The CBC radio show Airplay spoke at length with Pat Sanders about the fire burning underground on a mountaintop just outside Eagle, Alaska. Click here to listen to the entire interview.
Nobody seems to know exactly what's burning. Experts suspect it's either a volcano forming or natural gas or oil burning in underground shale deposits. Whatever it is, the fire has been burning on a remote mountaintop, about 40 kilometres north of the community since last October at least.
When the wind is right, residents can smell noxious smoke all over town.
Pat Sanders, a ranger who works in the Yukon-Charley Rivers National Preserve, said measurements have been taken showing there's extreme heat coming out of fissures in the ground.
"[It's] 285 degrees Celsius and that one wasn't even smoking," Sanders said. "There's a lot of heat involved and it's still very, very active and we don't know [what] it's going to do or how far it extends but we've taken a progression of pictures throughout since October of last year and the changes in the landscape are just dramatic."
Environmental protection agencies have promised air monitors for people in Eagle. They say the sulphur dioxide gases that drift into town are raising health concerns.
Sanders said the fire started with an underground explosion last fall but the effects are visible on the surface. The fire zone used to cover about 5 acres, but it's grown to about 30 after burning all year, Sanders says.

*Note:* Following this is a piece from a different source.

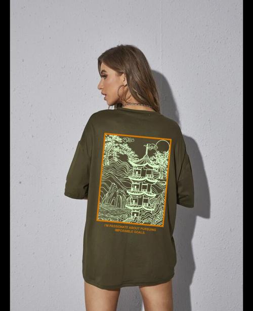 - Oversized T-shirt With Big Bold Print on Back And Small Print on Front

"[There's] huge orange rocks steaming and smoking and some yellow sulphur rock. It actually looks like a bomb has gone off somewhere."
Aerial photos suggest a volcano forming but geologists say it's likely an underground shale gas fire. Sanders said the air monitors will be welcome, although there's no indication when they might be coming.
"We're happy for that because we don't know how much sulphur dioxide on windy days we are actually breathing".